06-16-2016, 10:26 PM
Quote:Of course not. Similar exposure times are achieved by exposing the same way, i.e., same iso, same f-stop, same shutter speed or exposure time. there is no such thing in this equation as an "equivalent iso setting", only the same iso setting - provided the manufacturer follows teh standardized rules for is. Note that even with film those could and were manipulated to some degree. Not every 100 iso film was created the same, not every sensor base iso 100 is the same either.Of course not. Similar exposure times can be reached in a multitude of ways. Stating otherwise is just nonsense, to be frank. You do not seem to try and understand what is actually written.

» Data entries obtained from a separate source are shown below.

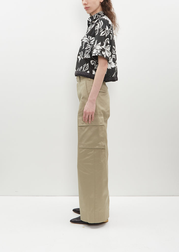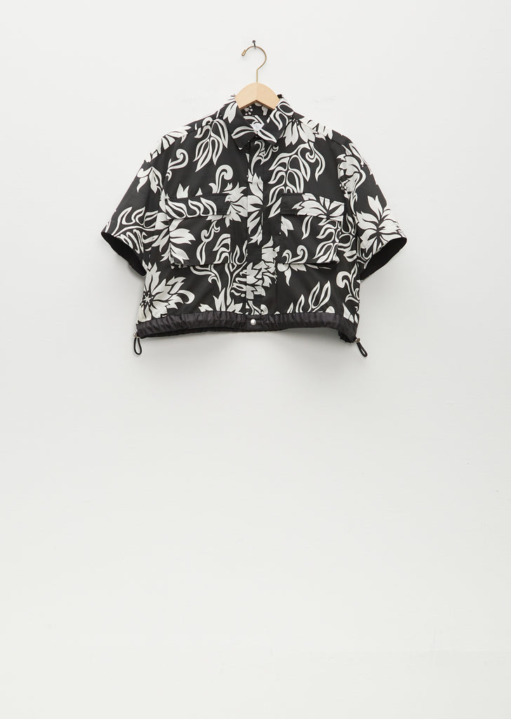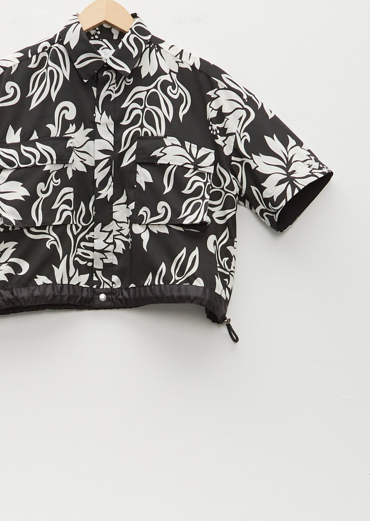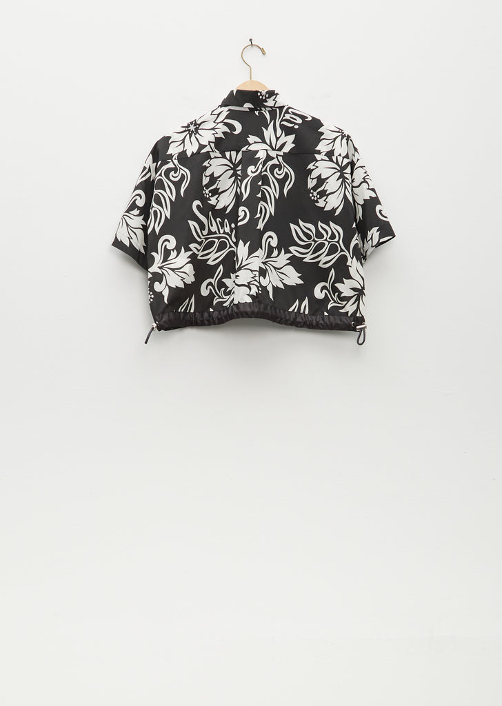Sacai black floral printed cropped shirt with adjustable waist toggles in lightweight crepe. Boxy silhouette with a slightly oversized fit.
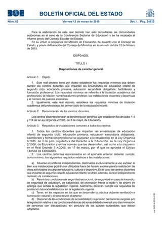 1. El documento establece los requisitos mínimos que deben cumplir los centros docentes que impartan enseñanzas de educación infantil, primaria, secundaria obligatoria, bachillerato y formación profesional en España.
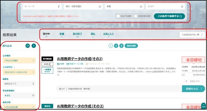 絞り込み検索は「公示種別」「締切日」「組織」など様々な視点で適切な絞り込みが可能。
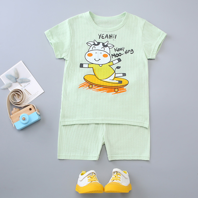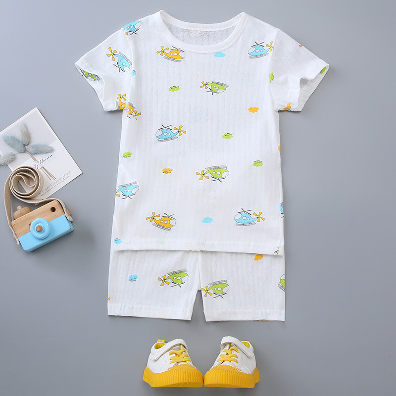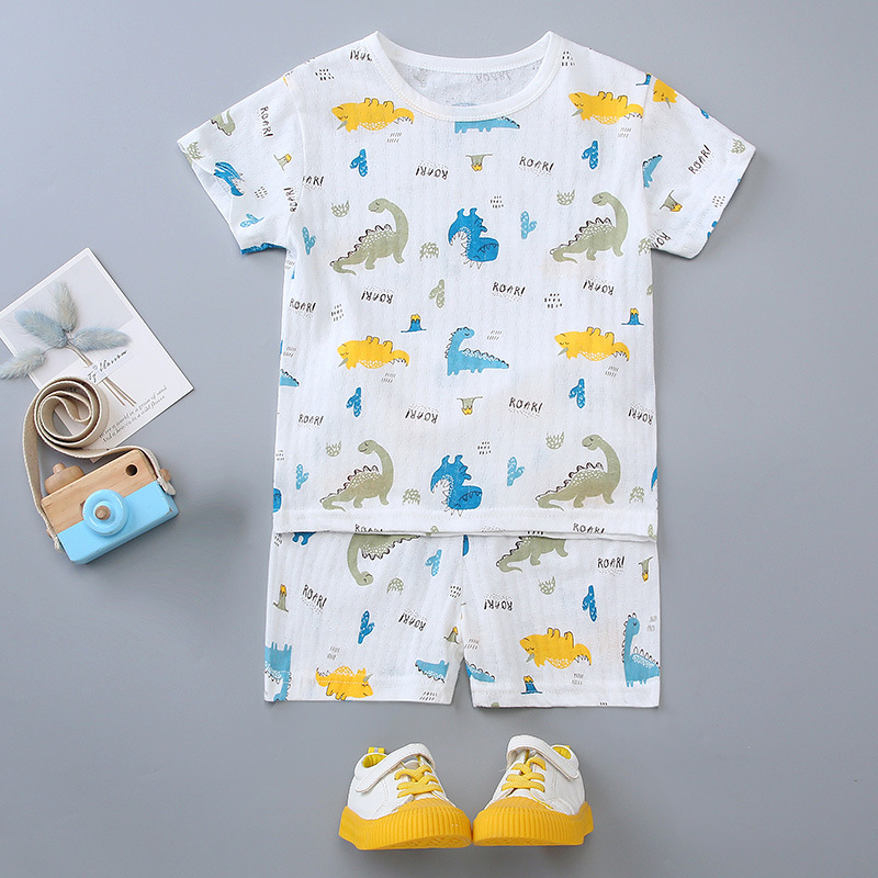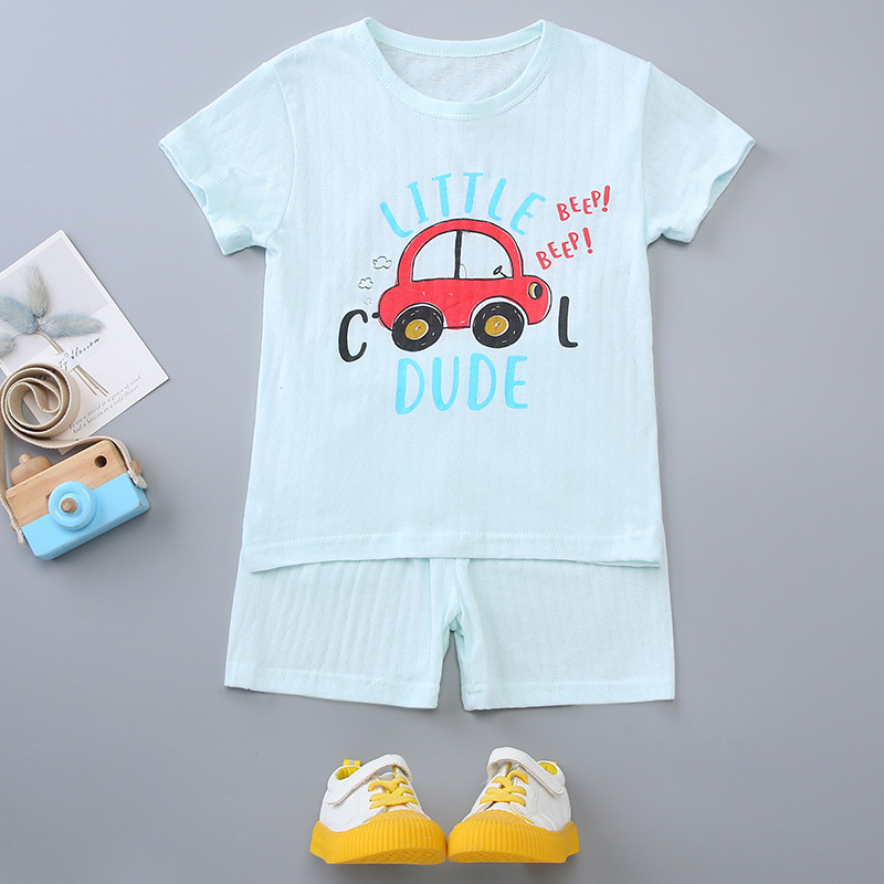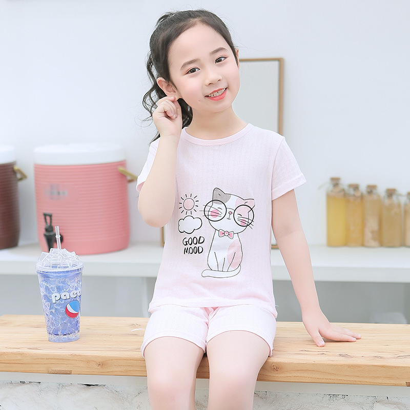 夏季儿童短袖套装中小童T恤短裤两件套宝宝空调服男女童家居睡衣

I think you may not realize that there is a significant difference between total amount of light captured, and what you call iso equivalence. Obviously, a sensor that is 4x smaller than another, will capture 4x less total light than the other one, but iso, and related aperture and exposure times are still the same.
As to noise levels: funnily enough you do not need the same pixel count per sensor, all you need is a similar technology sensor to reach the same noise level, at the same amount of total photons captured, and even then only when an image is displayed or printed at the same size. This is why a 4/3 sensor is approximately 4 times noisier than a FF sensor, it just captures 4 times less total light for that same image surface area. And this is where the confusion with "iso equivalence" comes in, as the total amount of light can be made equal, namely by selecting a 4x slower iso for a 4/3 sensor (as compared to a FF sensor). IOW, noise is a function of total amount of light captured for a given surface area and magnification, while iso is a measurement for sensitivity, whether artificial or not.

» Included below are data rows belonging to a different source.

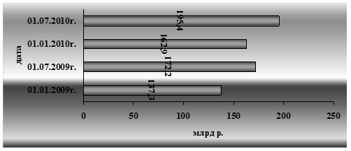 Как видно из приведенных данных, за анализируемый период наблюдается тенденция увеличение объема резерва, его сумма на 01.07.2010г. составила 195,4 млрд р., что на 58,1 млрд р. превышает объем резерва по состоянию на начало 2009г.
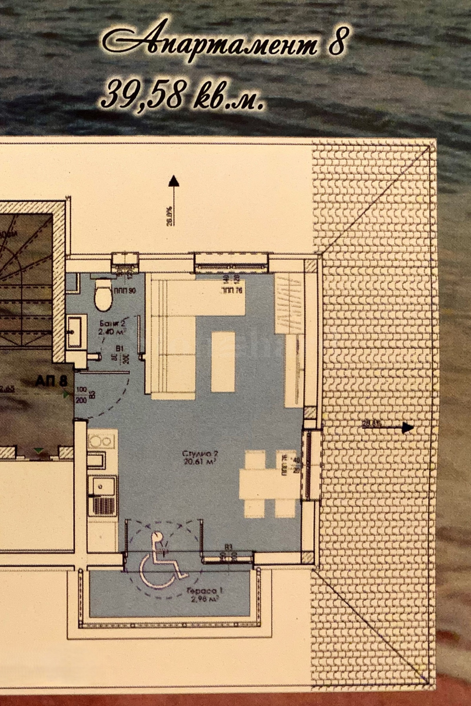 Имотът е с площ 39,58 кв.м, разположен на 4-ти етаж, с гледка към Странджа планина.
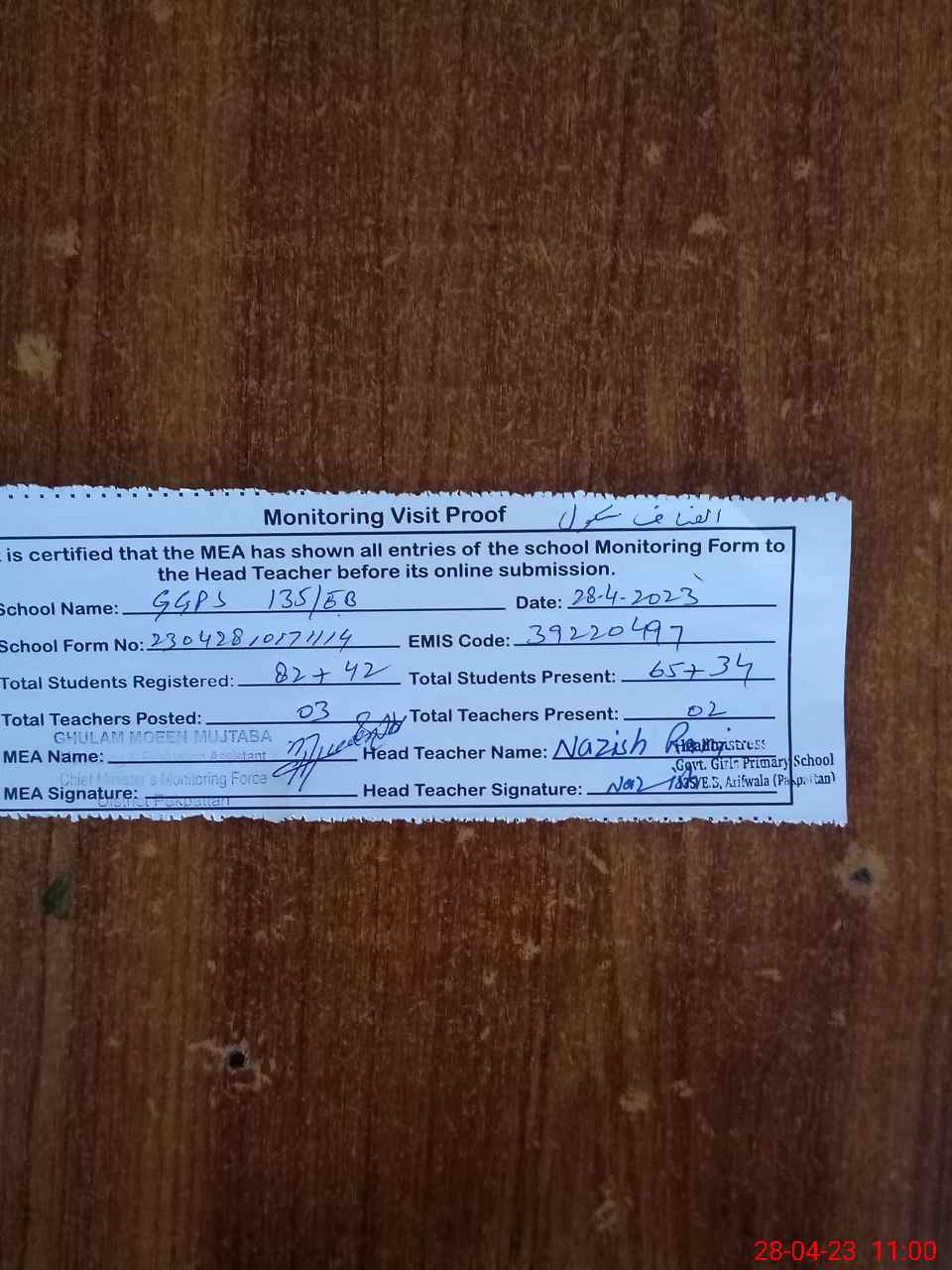 | Attendance Register | Head Teacher | MEA with School | Visit Proof |

To be very honest, IMO I think it is a moot point. Quality of sensors is at an extremly high level, much more so than film ever was, even with a 4/3 sensor.
Kind regards, Wim
When talking about equivalency:
Equivalent focal lengths are not the same focal lengths. They merely are focal length which result in the same FOV.

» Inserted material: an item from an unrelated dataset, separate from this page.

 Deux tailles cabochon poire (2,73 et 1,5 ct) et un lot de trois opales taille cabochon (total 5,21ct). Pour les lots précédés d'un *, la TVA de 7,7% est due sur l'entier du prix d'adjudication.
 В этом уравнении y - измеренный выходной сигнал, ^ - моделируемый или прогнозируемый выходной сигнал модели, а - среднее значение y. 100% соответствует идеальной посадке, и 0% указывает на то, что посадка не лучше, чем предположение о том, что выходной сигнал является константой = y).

Equivalent f-stops are not the same f-stops. They merely represent the same apparent aperture diameter, resulting in the same DOF.
Equivalent ISO settings are not the same ISO settings, nor are they the same number of photons per square mile/kilometer/inch or mm. They merely are ISO settings resulting in the same exposure time. As a side product, if sensors are from the same generation, using similar technology, one will have similar image noise.
That you in your own mind have fabricated a different idea of what "equivalent ISO setting" should mean, is your own business. But don't try to patronise me or others with that nonsense, when we are not wrong.